Why a firm with no edtech experience (Ecorys) was chosen to compile the report when the DfE have an existing relationship with an experienced research firm (Copper Gibson) says a lot about the weakness in policy teams and procurement at the DfE
- Who did a reality check? The report seems to see edtech as some sort of homogenous market when it is anything but. Many of the ideas, data and assumptions come from way outside K12 in England. For example, the claim that in terms of global expenditure on technology, AI will be the second largest spend followed by AR/VR, Robotics and Blockchain are taken from two reports from Holon IQ. Their conclusions cover the entirety of edtech – from B2B, B2C, consumer, professional learning, apprenticeships, tutoring, hardware, software services, etc. This is not the reality in England’s K12 edtech/education market, where most schools will struggle to pay for the transition from Windows10, let alone implement ideas like social robots or to effectively use products that claim to be based on AI
- Why didn’t the report include the ongoing failure of AI in edtech? This is well explained in a recent video series from EDuGrowth, featuring Professor Dr Wayne Holmes, which is far more up-to-date the book Holmes co-authored in 2019.

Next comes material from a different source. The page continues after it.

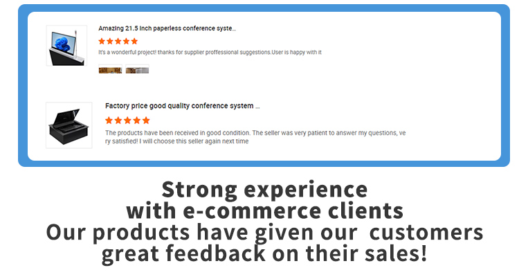 Máme jednorázová řešení kancelářského konferenčního vybavení s výzkumem a vývojem, distribucí, prodejem a souvisejícími službami, stejně jako vysoce kvalitní zatahovací motorizovaný zvedací stůl pro výzkum a vývoj společnosti Paperless Meeting Systems, nejnovější konferenční softwarový systém, silný tým návrhářů a vynikající tým poprodejních služeb. Náš výsuvný motorizovaný monitorový zvedací stůl pro bezpapírové zasedací systémy se používá hlavně ve špičkových administrativních kancelářích, velkých konferencích, různých luxusních hotelech, kancelářských budovách, laboratořích, bankách, vládních projektech, integraci systému konferenčních kanceláří atd. Náš konferenční software byl exportován do více než 100 zemí a měst a získal si dobrou pověst po celém světě. Pevně věříme, že s inovativními produkty, konkurenčním bezpapírovým meetingovým systémem Buy Discount a perfektními službami, China junnan Paperless meeting system tvrdě pracuje na získání trhu a zákazníků a těší se na lepší zítřky.
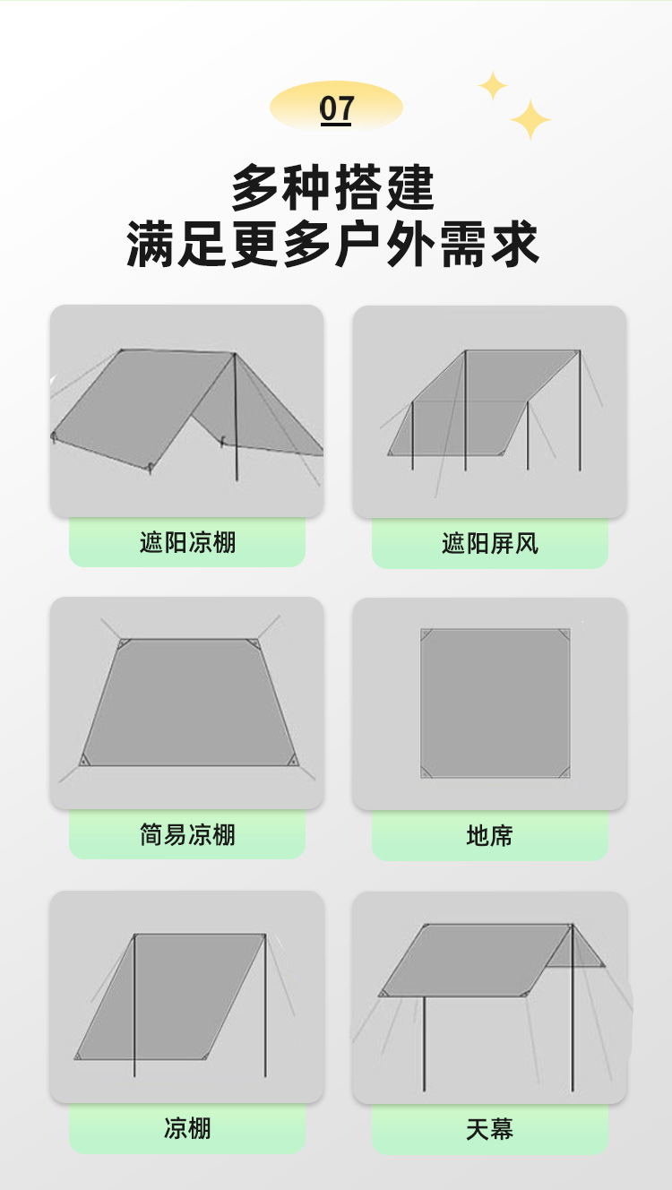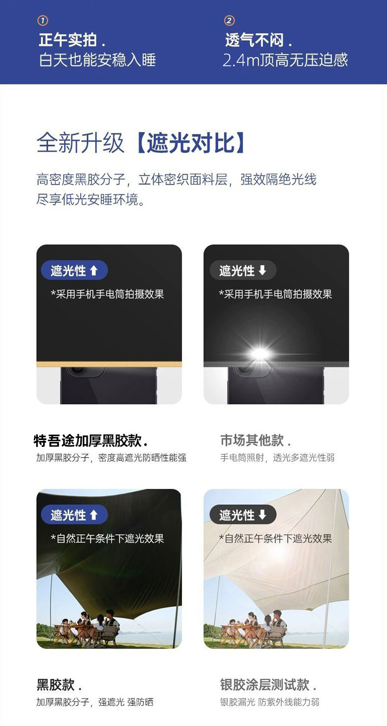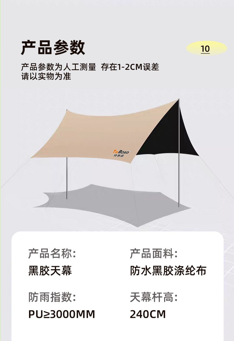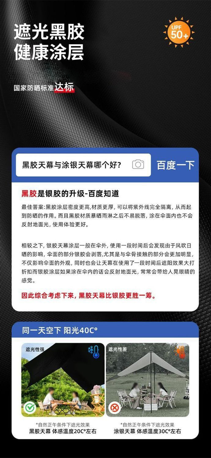天幕帐篷户外露营遮阳六角黑胶涂银加厚幕布防晒凉棚野营野餐装备

In terms of assessment Ecorys could have used a story from the founder of Janison (the listed Australian assessment company) showing that the AI tools most effective in edtech are almost exclusively based on integrations of two specific AI tools – BERT from Facebook and XLM-R from Google. (I’d add a third, the AI/machine learning tools from Amazon Web Services.) However, for any AI-derived edtech you need access to a large amount of high-quality data, something most UK edtech companies claiming to use AI, simply don’t have
- Why didn’t the report include more digitally-advanced edtech countries? Comparing Denmark (popn. 5.8m) with China (1.4bn), France (65m) and the USA (332m) is unhelpful as they have very different education structures (China and France are centralist vs the USA’s devolved state control). It’s missing more relevant digitally-mature countries, like Australia, New Zealand, Canada, Singapore and the Philippines
- Why is there a lack of basic educational knowledge? On p27 the report states that AI, ‘which employs machine learning, can detect patterns in written work, speech, and other actions, which then can be individually adapted to students’ learning styles and needs’. This cites an NMC Horizon report, but shows the Ecory’s staff lack of pedagogical knowledge as there is 40+ years of educational research that clearly shows the concept of learning styles is an edu myth. (If you don’t believe me, ask Tom Bennett, founder of researchEd). The report focuses on concepts like Social Robots but misses far more evidence-backed pedagogical concepts like Spaced Repetition, something that underpins one of the most interesting UK edtech startups Carousel Learning
- Why the lack of transparency? None of the ‘13 subject experts, representing UK and international leaders in EdTech policy, academia, and industry’ are identified, arguably a breach of the Nolan Principles and the DfE’s own statutory requirements. Experts often have an agenda which may be linked to their employer or other ties to tech/edtech providers, etc. All this should be declared upfront.
- Why the lack of balance on the expert panel? In looking for digitally-mature edtech nations, Ecorys recruited twice as many experts from China (a substantially smaller and completely differently regulated edtech market) than the USA (arguably the most regulated), missed the entire APAC and LATAM regions and didn’t disclose which sub-sectors the experts had actual experience in
- How were the workshops run? Again there should be full disclosure of the ‘67 respondents’
I could go on but let’s make the point – this report is a waste of time and money.
Footnote
The most recently published DfE ‘advice’ about choosing an MIS is another example of poor research by the DfE. I spoke to one major MIS provider on the list who commented that they had no contact from the DfE who had simply copied some of the data from their website.